*ABOUT THIS TASK*
Pictures are to be dropped. Everything else in the listing gets copied exactly.

*STORED DATA*
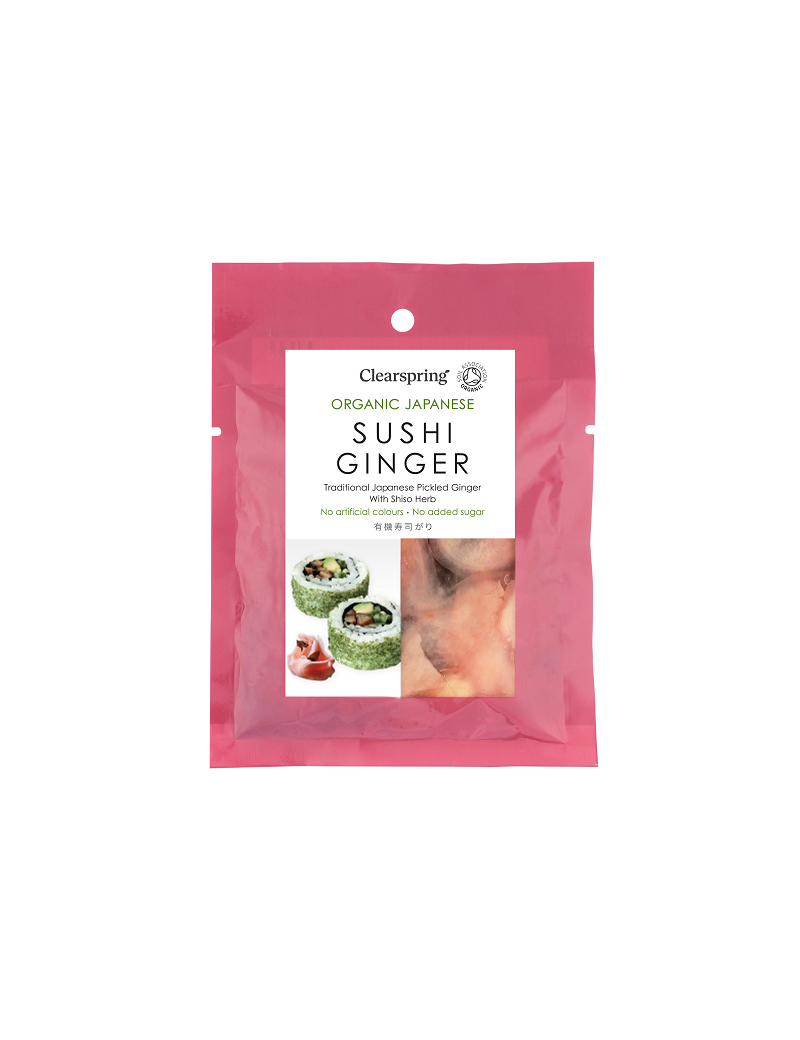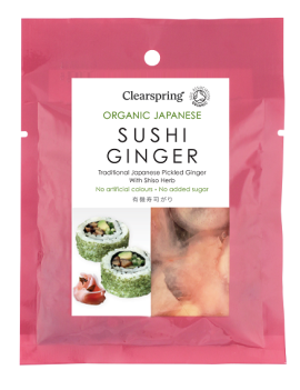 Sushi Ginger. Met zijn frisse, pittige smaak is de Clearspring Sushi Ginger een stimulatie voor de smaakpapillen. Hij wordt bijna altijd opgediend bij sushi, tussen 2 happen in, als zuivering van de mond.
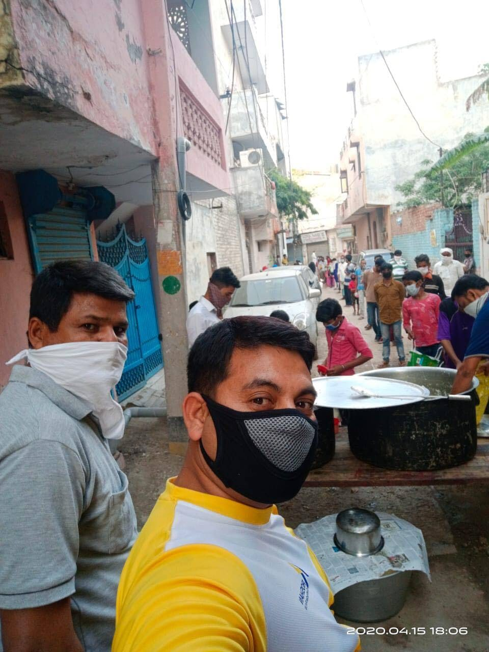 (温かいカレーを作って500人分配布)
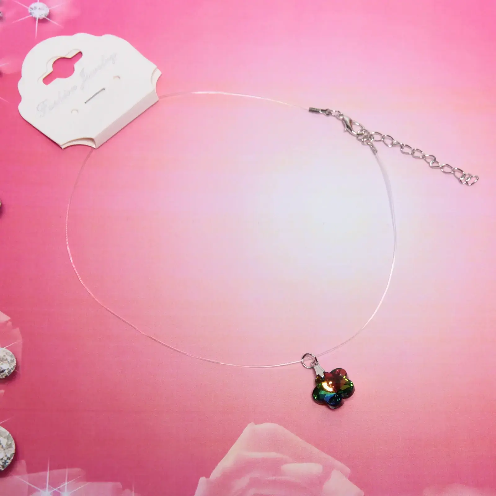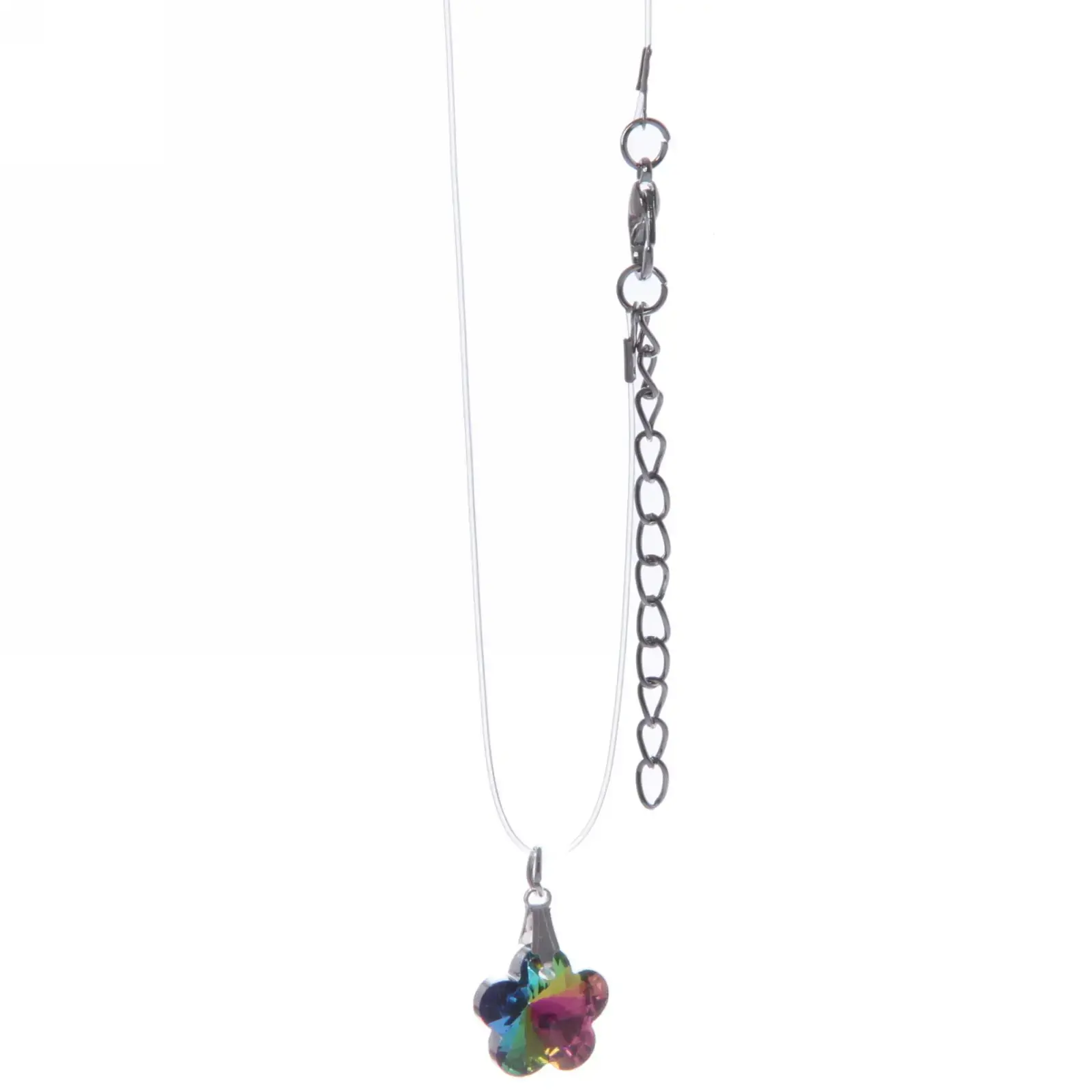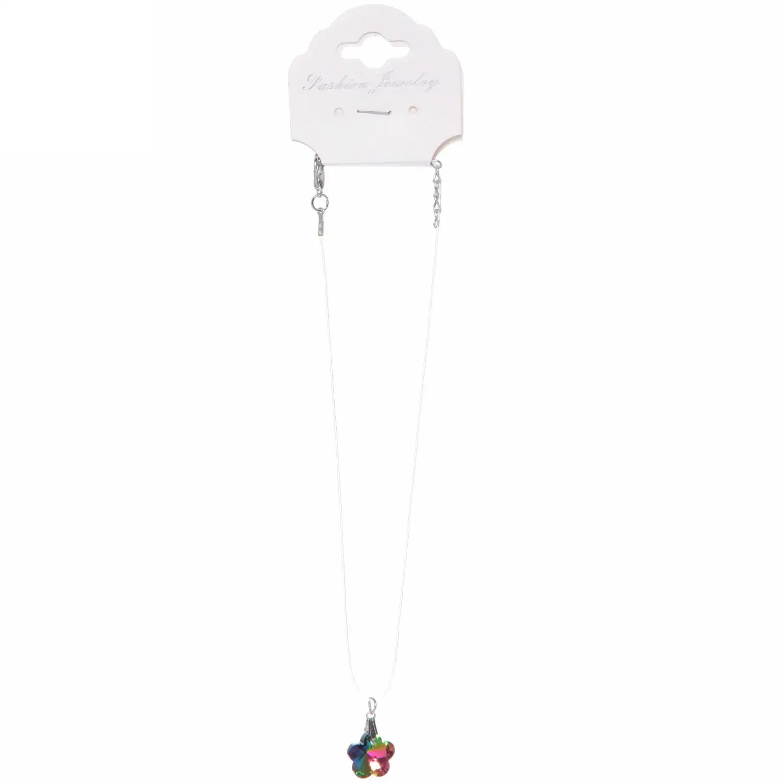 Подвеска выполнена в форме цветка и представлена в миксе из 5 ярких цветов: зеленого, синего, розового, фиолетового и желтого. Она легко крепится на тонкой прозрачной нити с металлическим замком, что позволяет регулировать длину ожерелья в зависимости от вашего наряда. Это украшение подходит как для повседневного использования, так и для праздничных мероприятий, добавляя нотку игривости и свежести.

*WRITTEN SOLUTION*
 Sushi Ginger. Met zijn frisse, pittige smaak is de Clearspring Sushi Ginger een stimulatie voor de smaakpapillen. Hij wordt bijna altijd opgediend bij sushi, tussen 2 happen in, als zuivering van de mond.
 (温かいカレーを作って500人分配布)
 Подвеска выполнена в форме цветка и представлена в миксе из 5 ярких цветов: зеленого, синего, розового, фиолетового и желтого. Она легко крепится на тонкой прозрачной нити с металлическим замком, что позволяет регулировать длину ожерелья в зависимости от вашего наряда. Это украшение подходит как для повседневного использования, так и для праздничных мероприятий, добавляя нотку игривости и свежести.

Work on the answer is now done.